START DATA FOR REVIEW

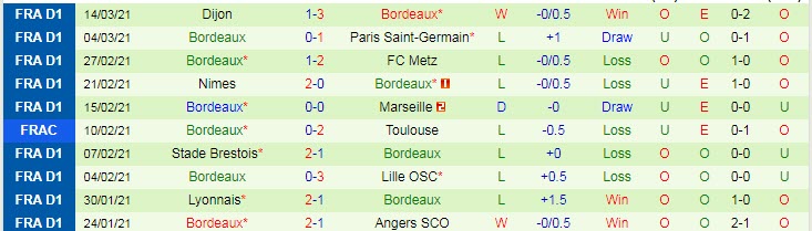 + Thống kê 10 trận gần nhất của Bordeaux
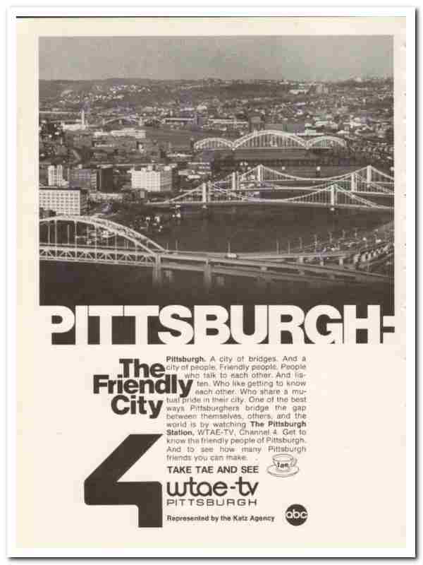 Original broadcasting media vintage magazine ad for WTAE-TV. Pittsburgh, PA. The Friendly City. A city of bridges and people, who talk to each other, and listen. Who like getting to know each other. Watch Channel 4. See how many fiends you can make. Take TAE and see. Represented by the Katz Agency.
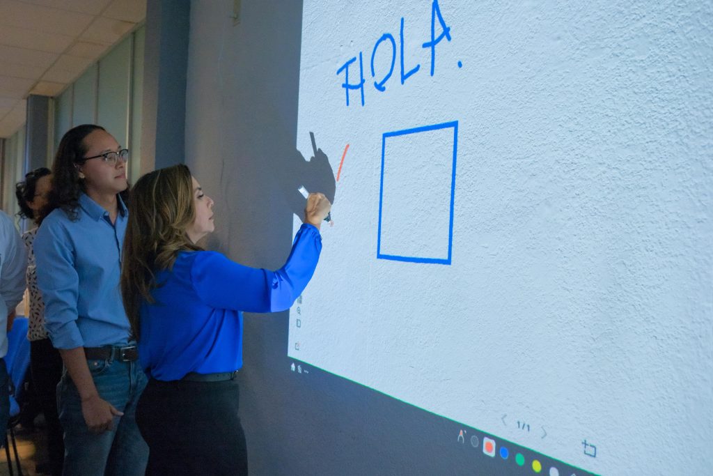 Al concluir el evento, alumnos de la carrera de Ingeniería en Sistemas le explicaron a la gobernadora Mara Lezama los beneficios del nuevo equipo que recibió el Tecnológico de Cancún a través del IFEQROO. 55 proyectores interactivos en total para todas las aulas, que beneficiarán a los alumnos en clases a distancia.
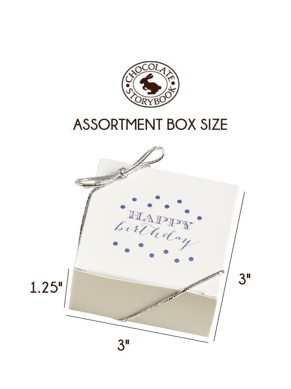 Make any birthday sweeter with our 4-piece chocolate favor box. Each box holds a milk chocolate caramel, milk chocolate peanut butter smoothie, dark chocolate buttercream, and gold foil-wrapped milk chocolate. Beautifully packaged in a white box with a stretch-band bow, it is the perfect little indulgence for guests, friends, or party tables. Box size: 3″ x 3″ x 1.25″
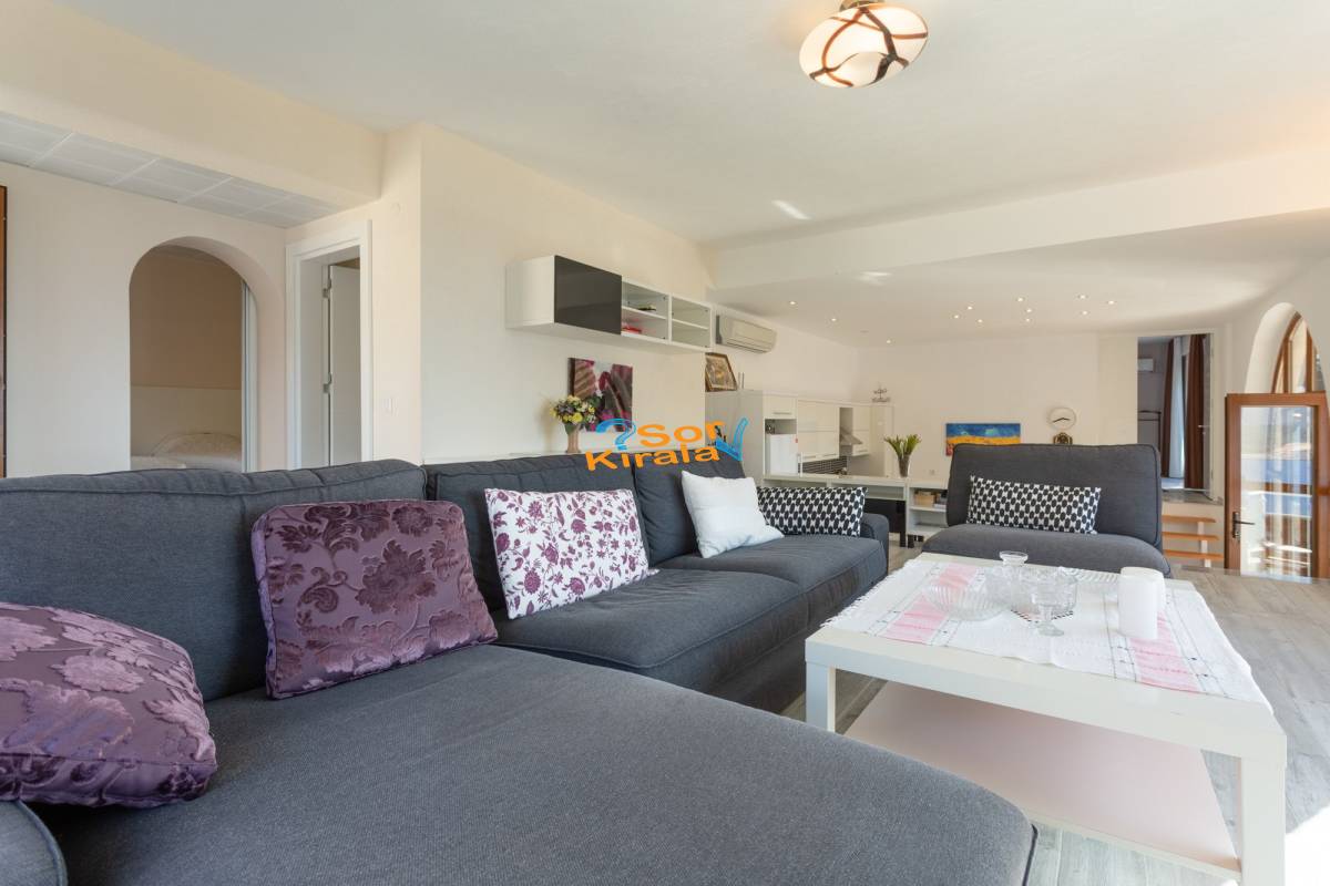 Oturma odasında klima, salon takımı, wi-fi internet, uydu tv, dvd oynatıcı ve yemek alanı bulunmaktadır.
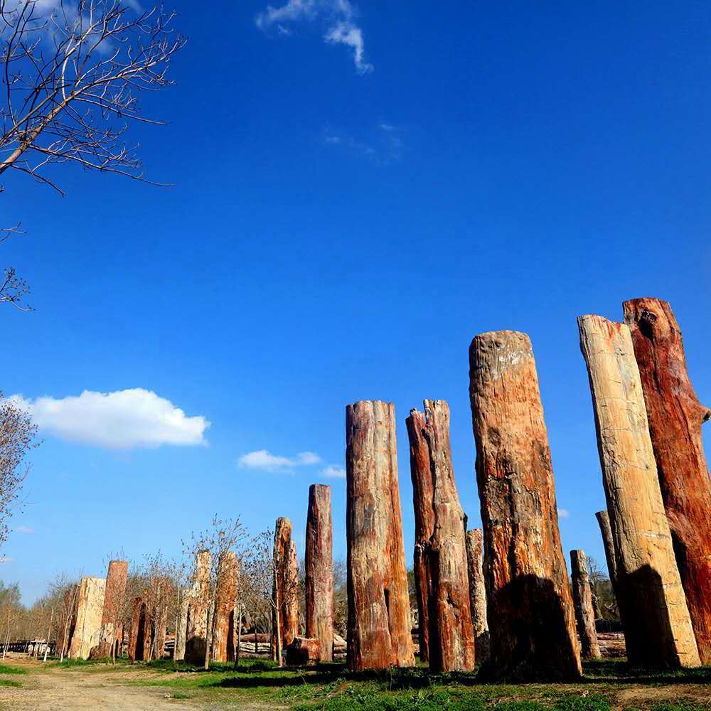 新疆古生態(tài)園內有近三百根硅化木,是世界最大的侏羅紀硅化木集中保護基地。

END DATA FOR REVIEW

Every record must be copied exactly, with the pictures left out.

● ANSWER SECTION
 + Thống kê 10 trận gần nhất của Bordeaux
 Original broadcasting media vintage magazine ad for WTAE-TV. Pittsburgh, PA. The Friendly City. A city of bridges and people, who talk to each other, and listen. Who like getting to know each other. Watch Channel 4. See how many fiends you can make. Take TAE and see. Represented by the Katz Agency.
 Al concluir el evento, alumnos de la carrera de Ingeniería en Sistemas le explicaron a la gobernadora Mara Lezama los beneficios del nuevo equipo que recibió el Tecnológico de Cancún a través del IFEQROO. 55 proyectores interactivos en total para todas las aulas, que beneficiarán a los alumnos en clases a distancia.
 Make any birthday sweeter with our 4-piece chocolate favor box. Each box holds a milk chocolate caramel, milk chocolate peanut butter smoothie, dark chocolate buttercream, and gold foil-wrapped milk chocolate. Beautifully packaged in a white box with a stretch-band bow, it is the perfect little indulgence for guests, friends, or party tables. Box size: 3″ x 3″ x 1.25″
 Oturma odasında klima, salon takımı, wi-fi internet, uydu tv, dvd oynatıcı ve yemek alanı bulunmaktadır.
 新疆古生態(tài)園內有近三百根硅化木,是世界最大的侏羅紀硅化木集中保護基地。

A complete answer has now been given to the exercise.